No piezoelectric effect
The high CV properties of barium titanate (the main ceramic material in most media systems) show a chattering effect. For example, when a DC bias is applied with a superimposed signal (e.g., a 1kHz sine wave), the Y5V capacitor will start to “buzz”. This process is also reversible, 1kHz external signals will also produce 1kHz noise to electrical signals. Although niobium oxide capacitors also use ceramic powder, but do not have this chattering effect.
The proportion of niobium oxide powder is half that of tantalum powder, which will affect the total weight of the capacitor. For example, e-type niobium oxide capacitors are approximately 25% lighter than capacitors of the same size made from tantalum powder.
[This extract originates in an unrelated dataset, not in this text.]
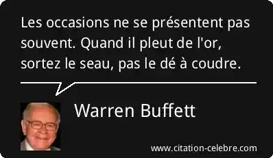 Les occasions ne se présentent pas souvent. Quand il pleut de l'or, sortez le seau, pas le dé à coudre.
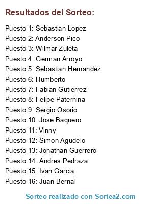 Lista de participantes: Andres Pedraza, Sergio Osorio, Felipe Paternina, Jose Baquero, Fabian Gutierrez, German Arroyo, Wilmar Zuleta, Humberto, Juan Bernal, Sebastian Hernandez, Jonathan Guerrero, Anderson Pico, Vinny, Simon Agudelo, Ivan Garcia, Sebastian Lopez.

The lighter weight also improves the drop test strength of the PCB for the same component occupying area, which is also an important parameter for practical applications.
ESR is smaller at higher temperatures
N b O capacitors have the same temperature-dependent characteristics as tantalum capacitors. ESR(effective series resistance) decreases with temperature due to improved MnO 2 (second electrode) conductivity. Therefore, the filtering performance at higher temperature is better than that at room temperature of 25℃.